Before we start talking about intuitive theories, let’s try to clarify what they are, before entering school a child is not an empty mind, before starting to study the child has already created a series of theories that explain their reality, these are intuitive theories.
But what are these children’s intuitive theories like?of these might be the fact that a child thinks the earth is flat.
- Because they are created by common sense.
- These theories are incorrect or very inaccurate.
- If we want children to really learn what reality is like.
- We must break with intuitive theories and replace them with theories that correctly explain the facts.
- One of the school jobs.
- But does the school take care of that.
- Does it really perform that function?.
Although we have presented intuitive theories from the point of view of childhood, these are formed and exist throughout our lives. Every time an event occurs, whether physical, social, political, that escapes our knowledge, our brain creates a theory that explains it through our common sense Common sense is often wrong or inaccurate in revealing great phenomena, which does not prevent them from being a vital aid in the day to day.
Here we face a problem: our education system plans courses as if students were taxable subjects, for school students are empty glasses that have to be filled with knowledge, but it is not. The student is like a plant that needs to be watered to grow freely.
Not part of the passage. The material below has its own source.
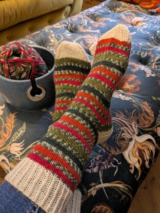 This is a cuff down sock worked in the round using the Holly Berry and Cream colourways. Although I’ve used a set of Addi 20cm/3mm needles if your preference is to use DPNs or the magic loop method these will work perfectly as well.

Let’s first look at why the school considers students to be empty glasses, if we visit a typical classroom we will find between 20 and 30 students sitting in front of the teacher who explains, using a whiteboard, a series of contents that students will have to memorize. to put them to the test. This didactic model highlights the fact that students are only passive subjects of learning: their only function is to listen to the teacher and do as he tells them.
The passive situation of the students makes them not reach a deep understanding of the content, they simply memorize, literally, what the teacher presents to them, so, in this situation, what if a student had an incorrect intuitive theory and did he receive information passively, which would help him break with intuitive theory?The answer is that the student will continue to believe in his intuitive theory taking into account the correct theory, even if they are contradictory.
How is it possible for the student to keep two contradictory theories in his head at the same time?This is because by not gaining a deep understanding of the right theory, the student ignores the contradictions that exist with his intuitive theory. the school environment and the teacher asks, searches memory and responds with the right theory, however, when a problem arises in a real situation, he will resort to his intuitive theory, in which he really believes.
To understand this, we can do a little exercise. I want you to take a moment to think about the following question: if we jump too high while climbing a escalator, what step are we going to fall into: the same one we were in, the previous one or the next?
The intuition tells us that when we jumped, we would stay in the air as long as the ladder continued upwards, so we would fall on the next step, but that is not true. Newton’s law of inertia says that every moving body remains in motion while the resulting force is zero, so would we fall on the same step, as we would keep the movement?speed on the corresponding axis?the ladder during the jump.
If you answered the question correctly, congratulations! If you’re wrong, don’t worry. Problems of this type were presented to newly graduated physics students in a survey conducted by psychologist J. Clement, and 88% of them gave the wrong answer, here’s evidence of how students, while able to perfectly solve complex physics exercises using perfectly the theories they learned during the course, when faced with a question outside the academic framework, use their intuitive theories.
The solution to the predominance of theories that correctly explain reality is to achieve a deep understanding of the facts that distort intuitive theories for the same phenomenon, unfortunately the current educational system is not able to provide legitimate learning of knowledge because it ignores the student as an active agent of his own learning.
To achieve a deep understanding and deny the wrong theories, the class must be a place of debate, where students can expose their theories and, with the help of the teacher, adapt to bring them closer to the correct theory of facts.
The question we need to answer is: how do we turn the classroom into a space for debate?